* [AVAILABLE DATA]:
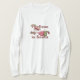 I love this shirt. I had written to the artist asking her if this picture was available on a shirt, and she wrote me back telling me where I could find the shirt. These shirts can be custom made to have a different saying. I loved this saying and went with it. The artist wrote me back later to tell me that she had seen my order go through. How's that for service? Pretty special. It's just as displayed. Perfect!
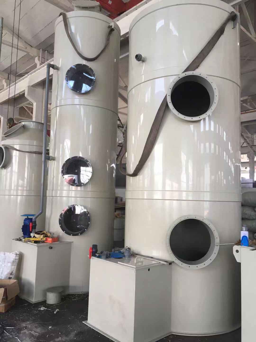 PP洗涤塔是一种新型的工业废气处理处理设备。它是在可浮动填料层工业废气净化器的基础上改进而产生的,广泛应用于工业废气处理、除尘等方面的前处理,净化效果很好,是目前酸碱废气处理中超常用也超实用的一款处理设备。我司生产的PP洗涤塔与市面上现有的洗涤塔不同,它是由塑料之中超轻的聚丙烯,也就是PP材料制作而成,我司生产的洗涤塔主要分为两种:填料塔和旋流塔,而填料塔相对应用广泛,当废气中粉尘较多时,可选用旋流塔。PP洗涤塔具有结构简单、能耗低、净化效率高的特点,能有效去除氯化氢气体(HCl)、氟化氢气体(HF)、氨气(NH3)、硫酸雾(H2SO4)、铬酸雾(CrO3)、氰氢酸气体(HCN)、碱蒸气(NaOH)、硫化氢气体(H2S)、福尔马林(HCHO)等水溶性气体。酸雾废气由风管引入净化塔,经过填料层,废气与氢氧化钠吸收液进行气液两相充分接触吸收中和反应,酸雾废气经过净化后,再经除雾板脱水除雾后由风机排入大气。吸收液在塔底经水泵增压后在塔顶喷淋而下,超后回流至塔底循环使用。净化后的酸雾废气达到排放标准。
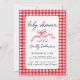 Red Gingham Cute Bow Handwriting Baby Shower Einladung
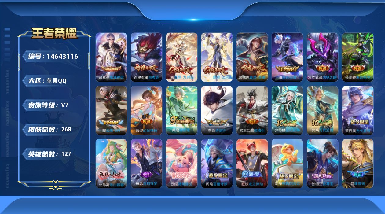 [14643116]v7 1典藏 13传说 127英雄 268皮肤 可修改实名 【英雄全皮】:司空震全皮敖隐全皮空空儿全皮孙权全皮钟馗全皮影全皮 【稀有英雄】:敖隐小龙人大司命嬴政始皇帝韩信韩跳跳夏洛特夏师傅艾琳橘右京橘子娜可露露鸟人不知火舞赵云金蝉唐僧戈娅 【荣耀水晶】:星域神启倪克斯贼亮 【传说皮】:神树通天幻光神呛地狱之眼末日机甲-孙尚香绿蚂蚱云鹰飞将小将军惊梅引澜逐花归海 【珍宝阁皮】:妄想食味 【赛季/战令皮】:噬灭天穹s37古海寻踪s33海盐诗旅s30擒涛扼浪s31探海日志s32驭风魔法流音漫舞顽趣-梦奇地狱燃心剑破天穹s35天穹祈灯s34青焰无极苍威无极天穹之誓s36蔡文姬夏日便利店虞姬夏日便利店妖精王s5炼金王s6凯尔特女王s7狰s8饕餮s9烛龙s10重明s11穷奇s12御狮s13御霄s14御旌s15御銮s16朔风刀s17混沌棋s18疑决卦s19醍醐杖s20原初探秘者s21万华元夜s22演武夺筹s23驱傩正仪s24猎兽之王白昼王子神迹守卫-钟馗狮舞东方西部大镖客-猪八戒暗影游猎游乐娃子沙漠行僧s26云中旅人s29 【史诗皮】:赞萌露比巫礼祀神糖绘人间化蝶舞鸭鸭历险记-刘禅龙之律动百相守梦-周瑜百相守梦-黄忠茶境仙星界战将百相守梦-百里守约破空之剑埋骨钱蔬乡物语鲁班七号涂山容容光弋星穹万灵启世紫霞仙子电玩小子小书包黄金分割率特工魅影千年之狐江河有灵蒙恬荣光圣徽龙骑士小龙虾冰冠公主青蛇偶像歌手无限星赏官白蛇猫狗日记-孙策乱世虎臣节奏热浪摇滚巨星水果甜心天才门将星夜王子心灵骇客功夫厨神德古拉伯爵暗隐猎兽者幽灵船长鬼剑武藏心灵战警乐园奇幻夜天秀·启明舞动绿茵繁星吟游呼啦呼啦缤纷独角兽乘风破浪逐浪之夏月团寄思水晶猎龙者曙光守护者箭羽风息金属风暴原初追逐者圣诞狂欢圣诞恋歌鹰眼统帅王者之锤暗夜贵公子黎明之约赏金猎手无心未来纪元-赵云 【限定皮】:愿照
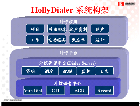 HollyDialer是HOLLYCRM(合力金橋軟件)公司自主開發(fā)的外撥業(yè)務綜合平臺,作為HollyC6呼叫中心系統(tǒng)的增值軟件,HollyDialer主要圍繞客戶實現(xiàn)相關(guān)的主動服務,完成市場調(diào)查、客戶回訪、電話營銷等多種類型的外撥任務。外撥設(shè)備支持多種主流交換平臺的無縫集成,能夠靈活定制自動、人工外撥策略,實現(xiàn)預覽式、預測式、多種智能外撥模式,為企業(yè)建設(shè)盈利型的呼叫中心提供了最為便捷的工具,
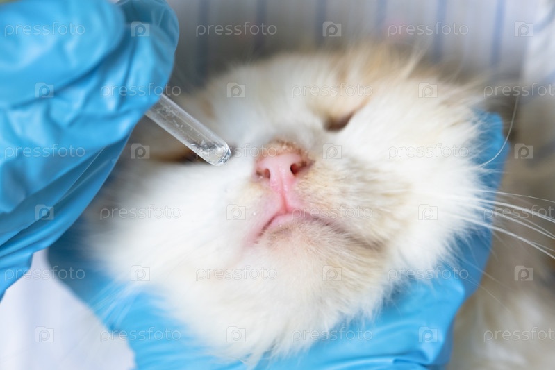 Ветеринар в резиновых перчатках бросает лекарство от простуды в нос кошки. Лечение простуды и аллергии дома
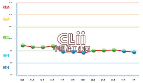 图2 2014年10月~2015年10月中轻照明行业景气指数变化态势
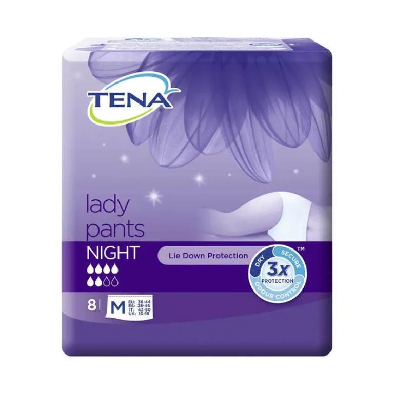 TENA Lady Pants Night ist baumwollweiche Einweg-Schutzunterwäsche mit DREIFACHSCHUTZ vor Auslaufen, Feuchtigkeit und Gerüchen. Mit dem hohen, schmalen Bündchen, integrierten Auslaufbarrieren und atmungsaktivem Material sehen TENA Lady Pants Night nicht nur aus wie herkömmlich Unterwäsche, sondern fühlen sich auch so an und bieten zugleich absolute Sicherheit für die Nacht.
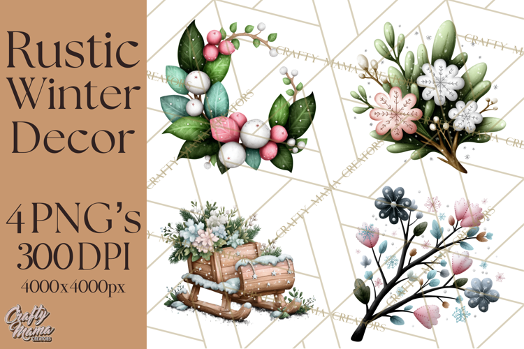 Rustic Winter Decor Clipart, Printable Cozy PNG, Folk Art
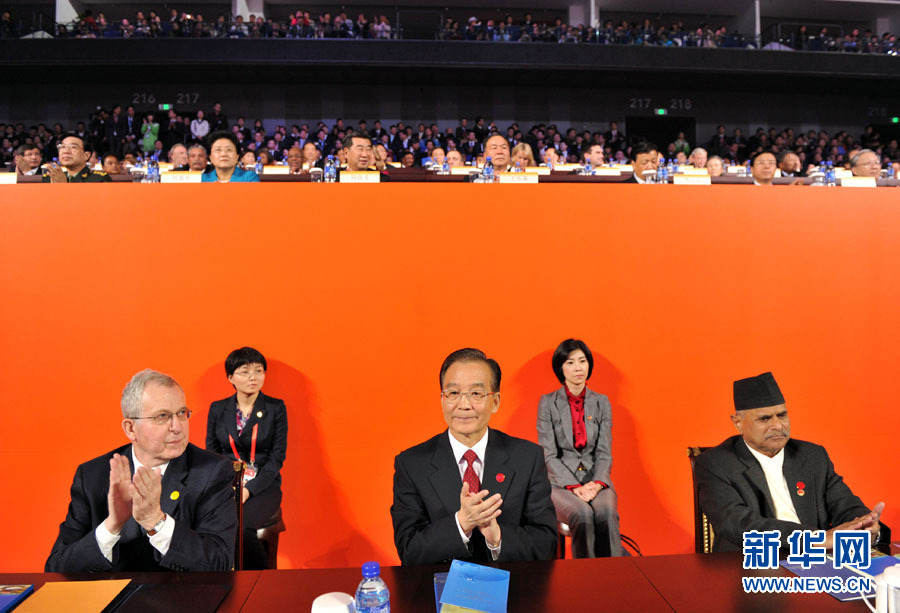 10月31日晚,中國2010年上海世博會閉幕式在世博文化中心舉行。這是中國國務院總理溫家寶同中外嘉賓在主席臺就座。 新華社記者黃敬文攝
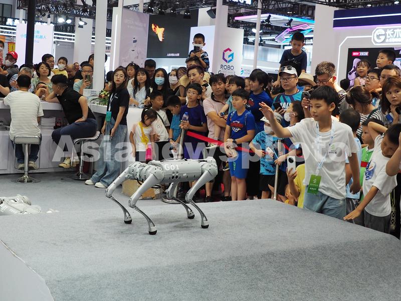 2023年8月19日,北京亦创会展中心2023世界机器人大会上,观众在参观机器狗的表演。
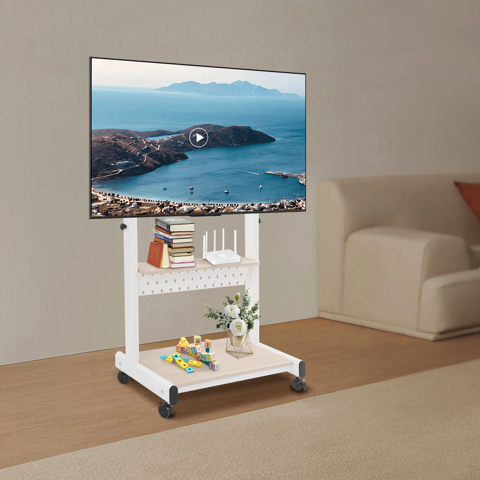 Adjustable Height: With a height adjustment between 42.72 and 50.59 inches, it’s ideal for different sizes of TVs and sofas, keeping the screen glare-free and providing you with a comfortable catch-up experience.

* [YOUR GOAL]: When you reach the line containing "TENA Lady Pants Night ist" in the entries above, begin restating word for word, and stop once the line containing "Rustic Winter Decor" has been given. Omit the pictures.

* [SOLVED PROBLEM]:
 TENA Lady Pants Night ist baumwollweiche Einweg-Schutzunterwäsche mit DREIFACHSCHUTZ vor Auslaufen, Feuchtigkeit und Gerüchen. Mit dem hohen, schmalen Bündchen, integrierten Auslaufbarrieren und atmungsaktivem Material sehen TENA Lady Pants Night nicht nur aus wie herkömmlich Unterwäsche, sondern fühlen sich auch so an und bieten zugleich absolute Sicherheit für die Nacht.
 Rustic Winter Decor Clipart, Printable Cozy PNG, Folk Art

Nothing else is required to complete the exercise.